The rate of uninsured young adults fell to 27.9% in 2011, from 33% the previous year, providing coverage to about 1.6 million young adults. In a New York Times article released earlier this week, Joseph Antos of conservative American Enterprise Institute agreed that the provision of the law was the only possible explanation for such an increase, noting that young adults were among the hardest hit in the recession and would likely otherwise have been uninsured.

The estimates were drawn from a preliminary Center on Budget and Policy Priorities report of CDC National Health Interview Survey (NHIS) data from 35,000 households suggesting the number of uninsured American’s fell for the first time in four years with the largest increase occurring among young adults and children’s coverage remaining steady. In contrast, for individuals in the next age group, 26-35 years old, the share of uninsured rose, affirming that health reform brought down the rate of uninsured young adults. Further, among people ages 26-64, for whom most health reform provisions will not take effect until 2014, the rate of private coverage fell by 0.8%, marking a fourth consecutive year of decline in private insurance coverage for this group.

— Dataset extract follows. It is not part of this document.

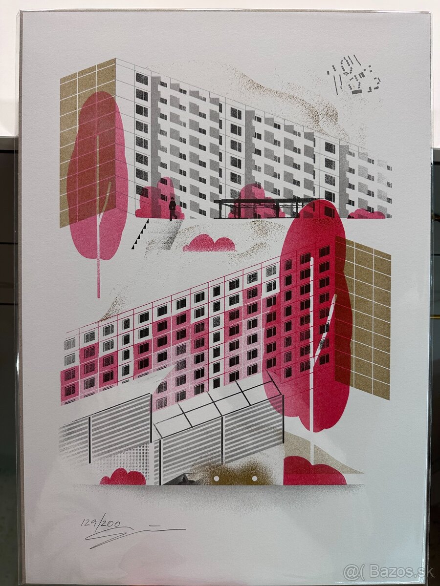 Predám grafiku Čierne diery Starý Ružinov - Jozef Gľaba. Výtlačok 129/200.
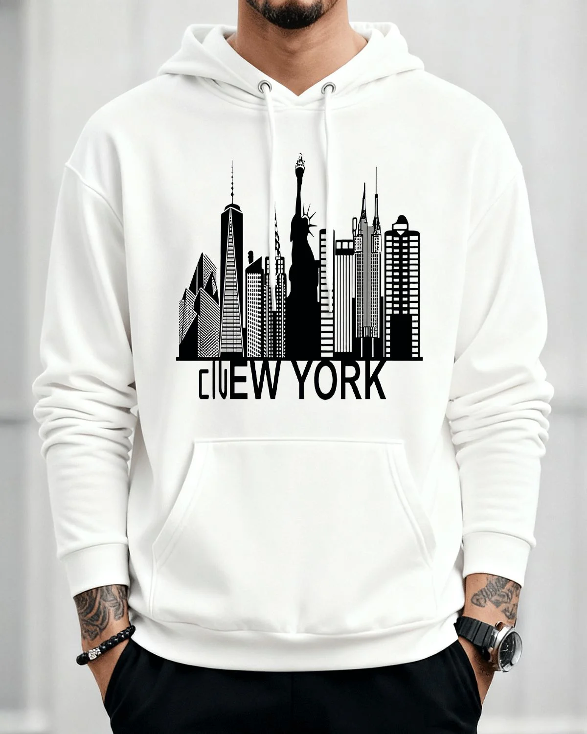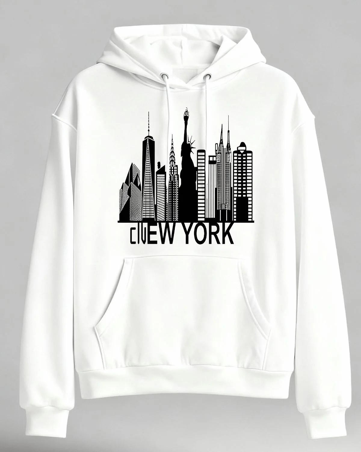 New York City Skyline Summer Cozy Graphic Hoodie - Casual Urban, Long Sleeve, Soft Fabric, Comfortable Fit

Although the national percent of uninsured fell since 2010, it is still higher (15.1%) than it was in 2007 before the Great Recession (14.5%), primarily due to the increase in joblessness. The dependents’ coverage provision of health reform took effect in September 2010, expanding the age limit for young adults to receive private insurance through their parents’ plans from 18 or 21 to 26 years of age; a critical period when many young adults begin major transitions between high school, college and careers, that often leave them unable to afford personal health coverage. This and other health reform provisions (e.g. prohibiting pre-existing conditions, prohibiting insurance companies from rescinding coverage, eliminating lifetime limits, providing a Health Benefits Exchange, etc.) are expected to decrease the rate of uninsured Americans by 36 million in 2019 after the bill’s provisions have taken full effect.